J’ai regardé autour de moi et j’ai aperçu la conductrice du tricycle électrique. Je l’ai reconnue et je savais qu’elle habitait dans la partie est du village. Elle tremblait de peur et était incapable de prononcer un mot. « N’ayez pas peur », lui ai-je dit. « Je vais bien, et je ne vais pas essayer de vous extorquer de l’argent. »

Même si je n’avais rien, la roue arrière de mon vélo était complètement détruite et mon téléphone était cassé en deux. Plusieurs passants se sont approchés et m’ont aidée à remettre le vélo en état de rouler. J’ai consulté deux ateliers de réparation, mais aucun n’a pu le réparer ; j’ai donc dû pousser le vélo jusque chez moi.

En chemin, je me suis dit que la femme qui m’avait renversée voudrait peut-être m’acheter quelque chose en guise de dédommagement.
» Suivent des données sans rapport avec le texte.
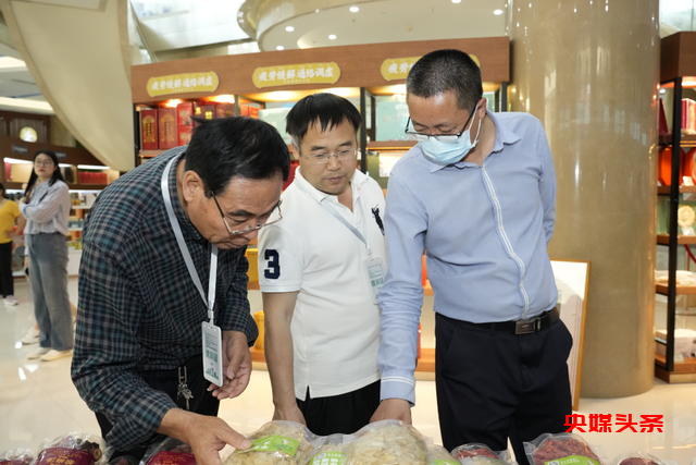 图为采购商与领导嘉宾到河北(保定)品牌农产品展销体验中心选品、品鉴
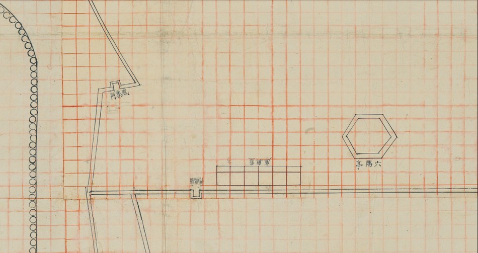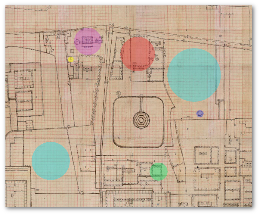 Figure 8. A section of a map of Gyeongbokgung, Bukgwoldohyeong, showing points of architectural interest. The yellow area indicates where the clock tower stood. The purple area, Jipokjae. The red area, where Gwanmungak stood. The green area, where the Edison power plant was built. The purple area, a small Korean pavilion (pictured below). The light blue areas, vacant sections of Gyeongbokgung where Salabelle’s palace could have been located. The NRICH presumes this map to have been made in 1907, of which there were several versions, but it may have been earlier. Source: Bukgwoldohyeong Architecture, National Research Institute of Cultural Heritage, 2006.
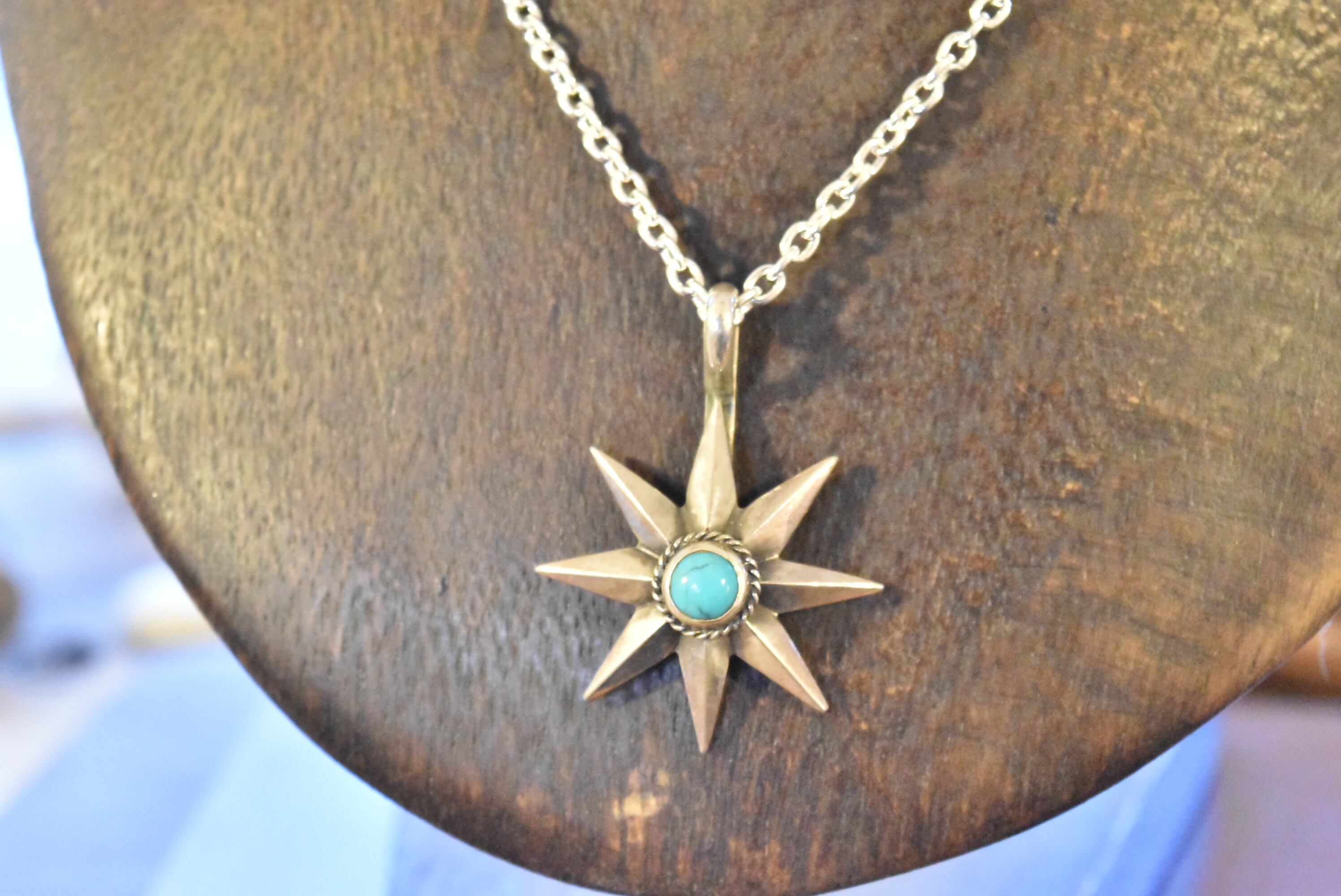 ターコイズの美しい色合いと八芒星の神秘的なデザインが際立つネックレスです!このアイテムは、天然石の魅力を最大限に引き出す仕上がりです!
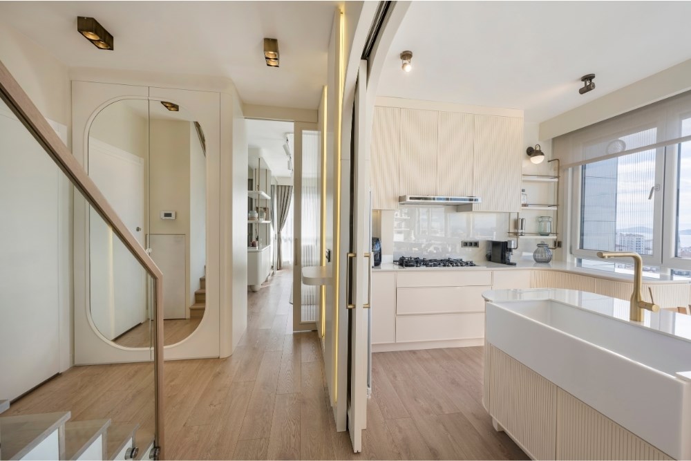 İlk teslim alındığında iki ayrı dubleks daireden oluşan mekan, Elif Arslan Interiors’un yaratıcı bakış açısıyla yepyeni bir kimliğe bürünmüştür. Tüm elektrik ve mekanik aksamlar yenilenen evde, fonksiyonelliği ve ferahlığı ön planda tutan bir tasarım anlayışı benimsenmiştir.
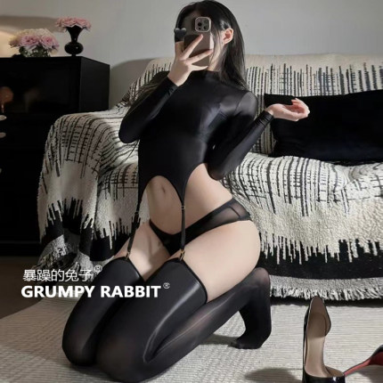 暴躁的兔子「手感暴徒」性感蕾丝油亮连体衣手感丝滑吊带丝袜长筒
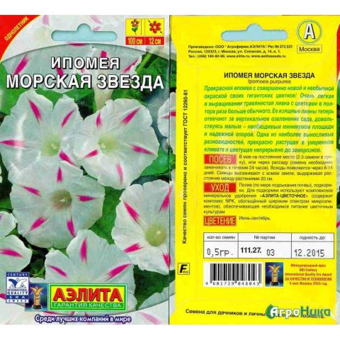 Semená produkcie agrofirmy "Aelita". Ako môžete vidieť z fotografie, odroda Ipomoea fialová Star Waltz kvitne veľkými lievikovitými kvetmi až do priemeru 12 cm. Dĺžka stonky môže dosiahnuť 3 m.
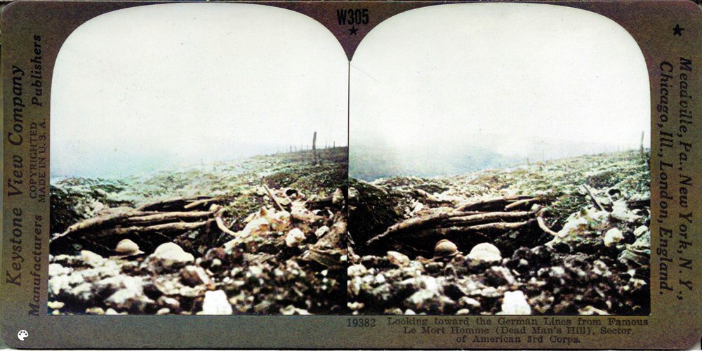 Image Id: 2128 Contributor: The Jordan/Ference Collection Theatre: Western Front Subject: The Front Line Location: Le Mort Homme,Verdun, France Regiment: Unknown Service Arm: Infantry Battle: Unknown Date: Unknown Combatants: French Publisher: Keystone View Co Source: American Directory: 19351-19599
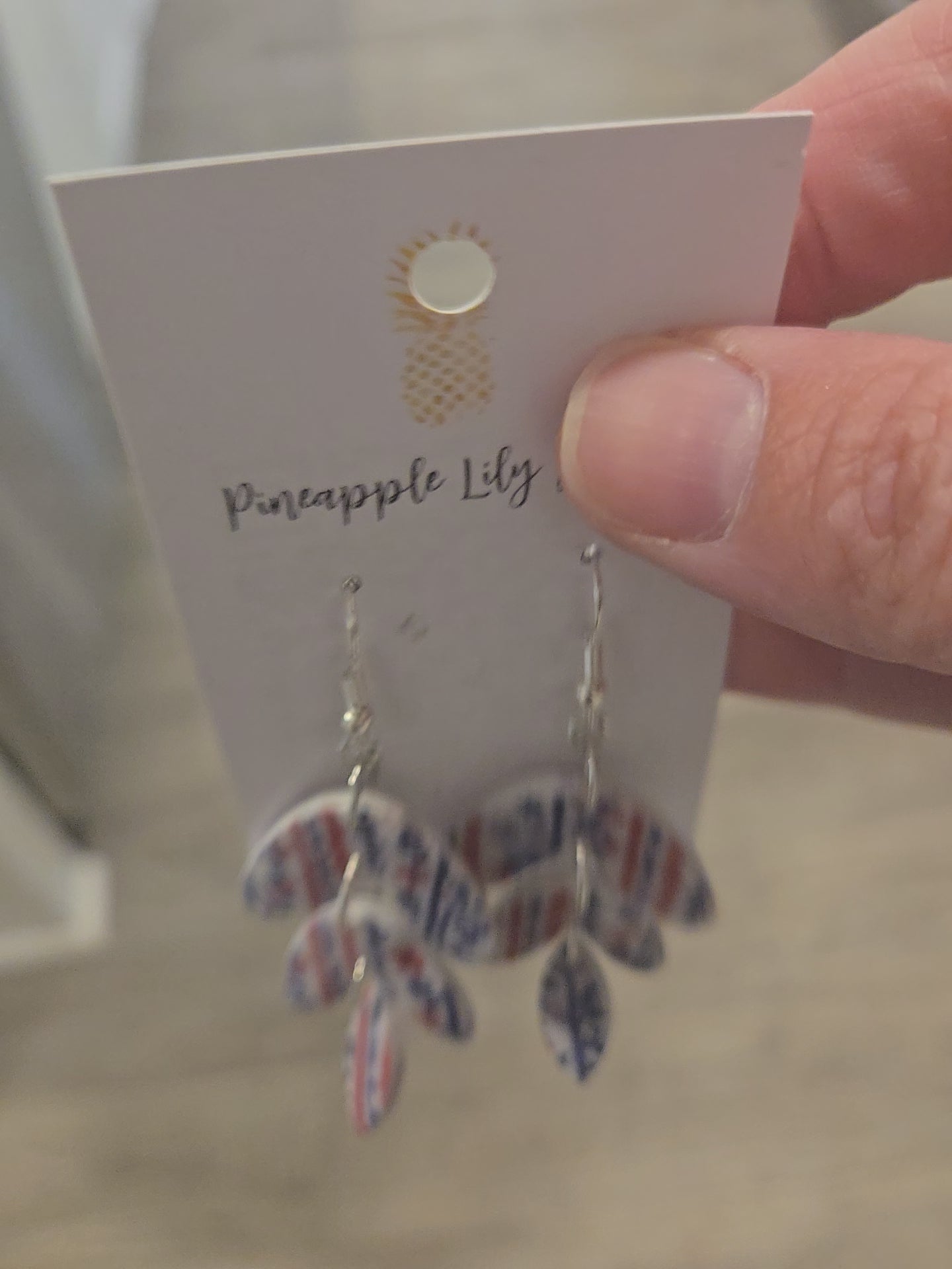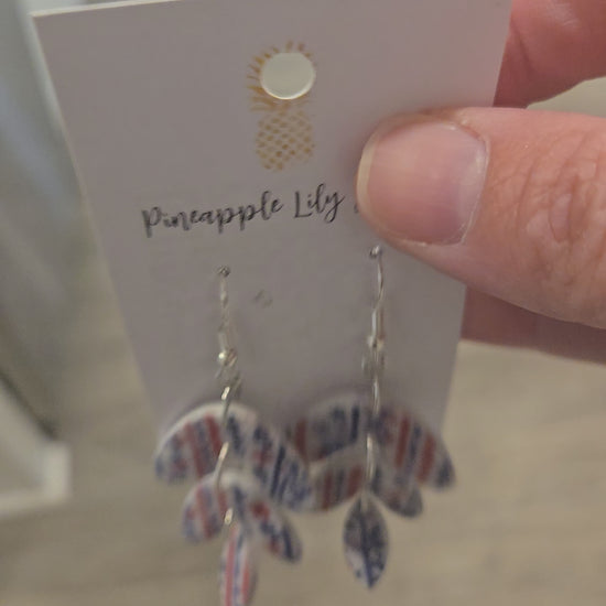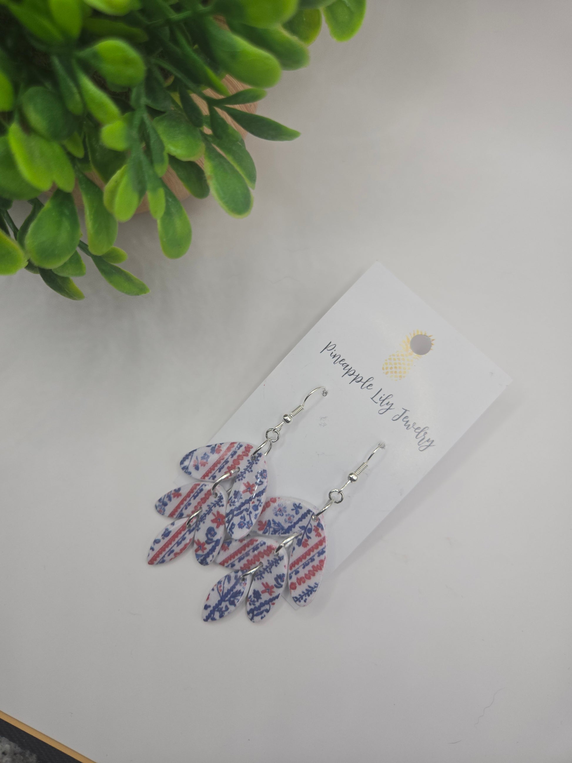 These are handcrafted from polymer clay with love and attention to all the details. Beautiful floral pattern in the red, white and blue color themed. Perfect for holidays and everyday wear. This style is lightweight and doesn't pull on your ears while wearing. Featuring stainless steel silver ear wire hooks and findings that are all hypoallergenic.

Je me suis dépêchée de me rendre chez elle. Comme je m’y attendais, elle avait déjà acheté des œufs, du lait et d’autres produits et s’apprêtait à me les apporter.
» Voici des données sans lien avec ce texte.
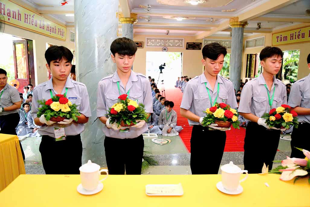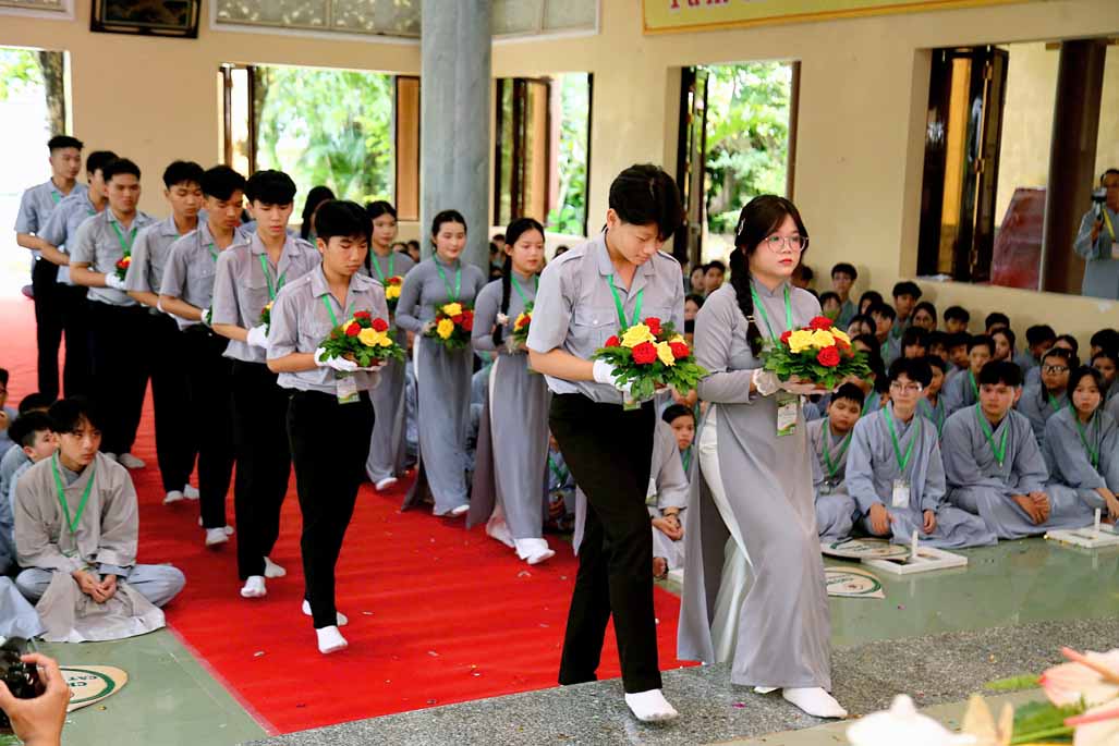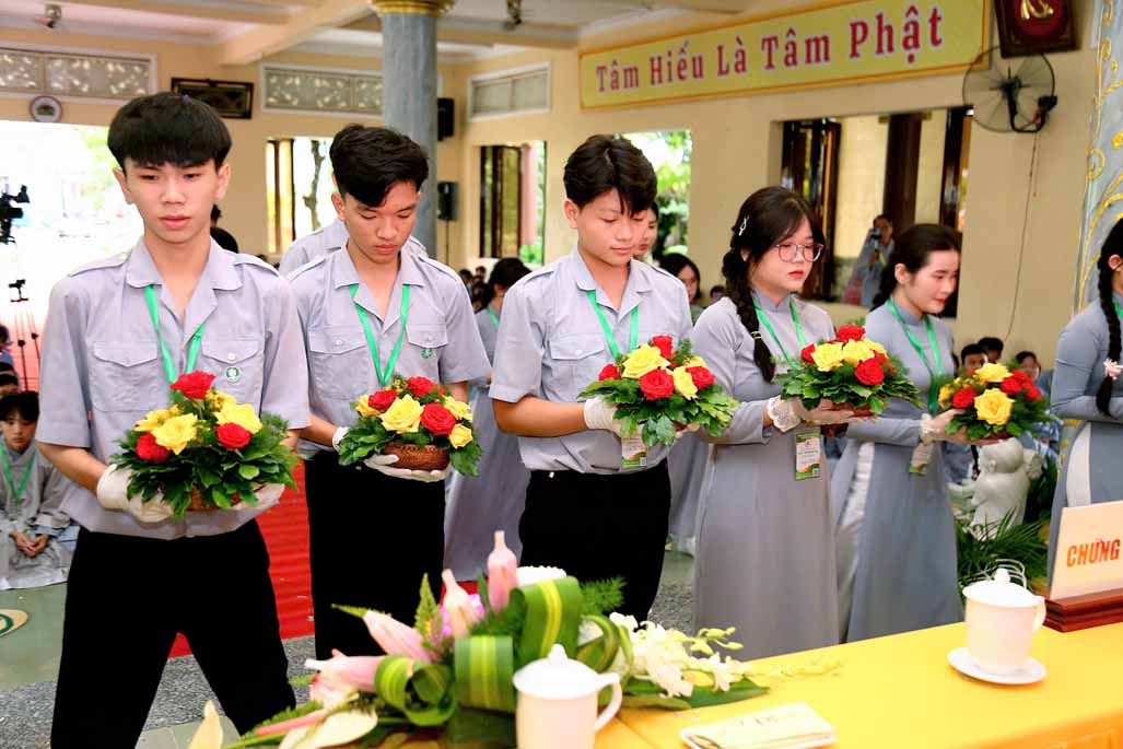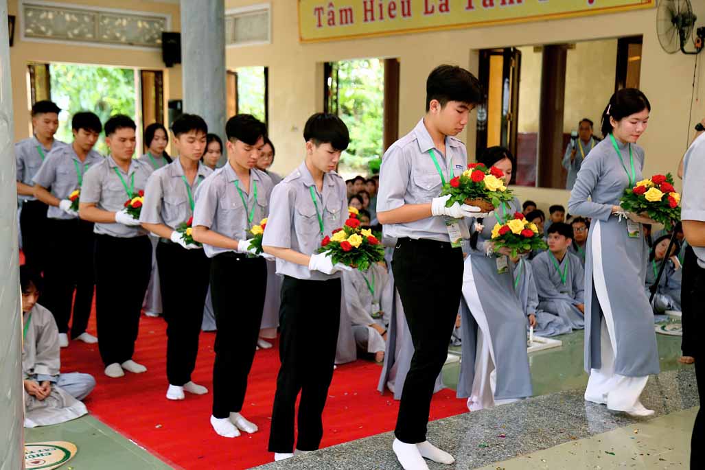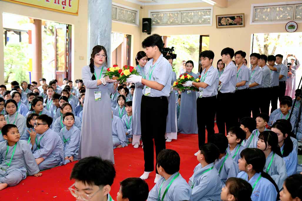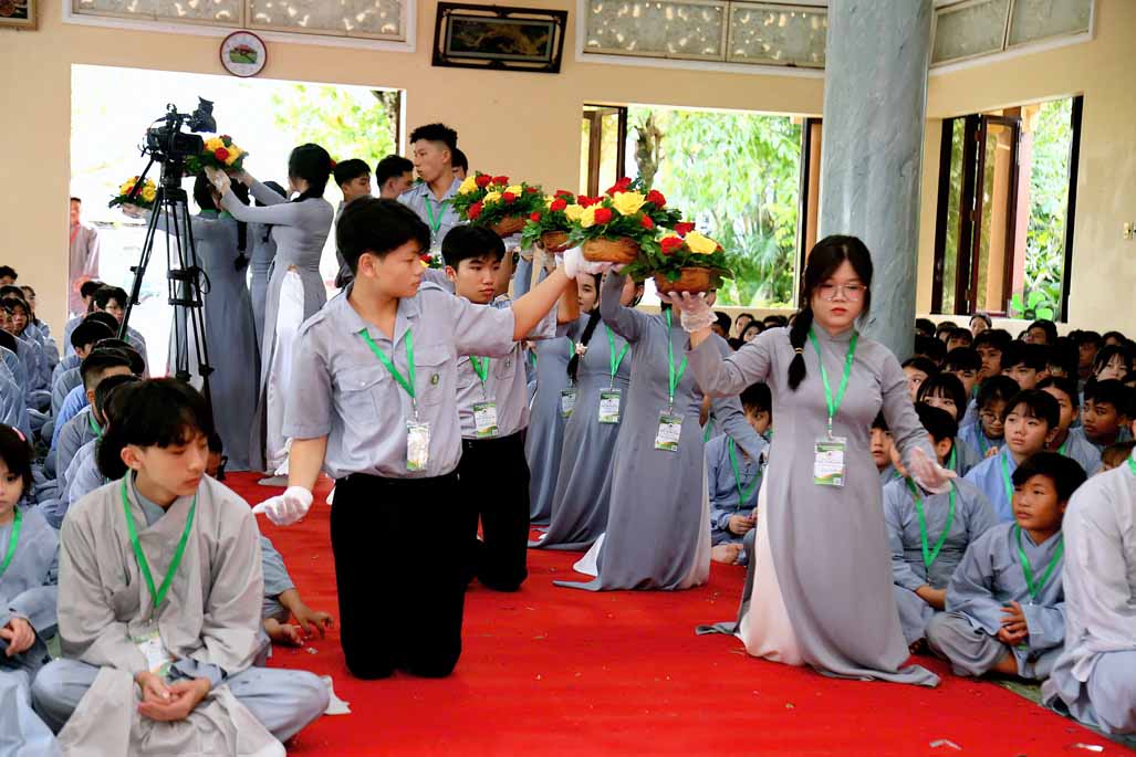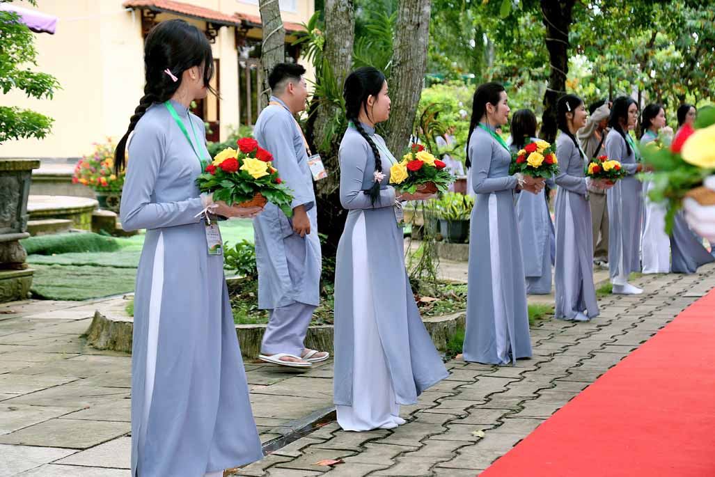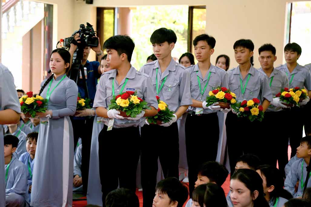 Mở đầu buổi lễ khai mạc là tiết mục múa dâng hoa do Phật tử Thiền viện Vi Phước trình diễn, mang đến không khí tươi vui và trang trọng cho sự kiện.

Je l’ai arrêtée : « S’il vous plaît, ne faites pas ça. Je n’en veux pas. Ramenez tout. Souvenez-vous simplement que “Falun Dafa est bon, Authenticité-Bienveillance-Tolérance est bon”. Regardez-moi. J’ai été heurtée très fort, et pourtant je vais parfaitement bien. J’ai été bénie parce que je pratique le Falun Dafa, et vous aussi, vous pouvez être bénie. » Je lui ai demandé de réciter sincèrement « Falun Dafa est bon, Authenticité-Bienveillance-Tolérance est bon » afin qu’elle reste en sécurité.

Elle était très reconnaissante et s’est écriée : « J’ai rencontré quelqu’un de vraiment bien ! Je suis convaincue que vous dites la vérité ! »

« Je suis très heureuse pour vous. C’est ce que notre Maître nous enseigne : penser aux autres chaque fois que nous rencontrons des problèmes », ai-je répondu.

Je lui ai demandé si elle avait déjà été membre du Parti communiste chinois (PCC), de la Ligue de la jeunesse ou des Jeunes Pionniers. Lorsqu’elle m’a répondu que non, je lui ai rappelé les phrases « Falun Dafa est bon » et « Authenticité-Bienveillance-Tolérance est bon ».

Vers midi, la femme a appelé ma belle-sœur pour lui demander de me transmettre quelques articles, car je les avais refusés plus tôt. Ma belle-sœur lui a répondu : « Elle pratique le Falun Gong et n’accepte pas de cadeaux. » Ce soir-là, la femme m’a apporté un vieux vélo. J’ai poliment refusé de le prendre. Elle a alors sorti 500 yuans et m’a exhortée à acheter un autre vélo, mais j’ai encore une fois décliné son offre. Mon mari m’a également rappelé de ne pas accepter son argent.

La femme avait l’air très déçue et n’arrêtait pas de dire : « Je me sens tellement mal que vous ne vouliez rien accepter ! Je me sens vraiment très mal. J’ai rencontré quelqu’un de vraiment bien ! »

Le lendemain, un voisin m’a dit : « Tout le monde dans la partie est du village parle de toi. On dit que la femme qui a été renversée pratique le Falun Gong et qu’elle a refusé toute forme d’indemnisation. »

De nos jours, on peut facilement se casser un os, même à la suite d’une simple chute, surtout quand on a la soixantaine comme moi. Bien que j’aie été violemment percutée par un tricycle électrique, je m’en suis sortie indemne. C’est le Maître qui m’a protégée.

De retour chez moi, j’ai offert de l’encens au Maître, tandis que des larmes de gratitude coulaient sur mon visage. « Merci, Maître ! Merci, Maître ! »

J’espère que cet incident permettra d’éveiller le cœur des gens. Puissent-ils se libérer de la confusion et de la souffrance engendrées par la recherche de la renommée et du gain personnel. Dans le même temps, je prie pour que toutes les personnes prédestinées se tournent sincèrement vers le bien, se libèrent de l’emprise des mensonges du PCC et choisissent pour elles-mêmes un avenir radieux.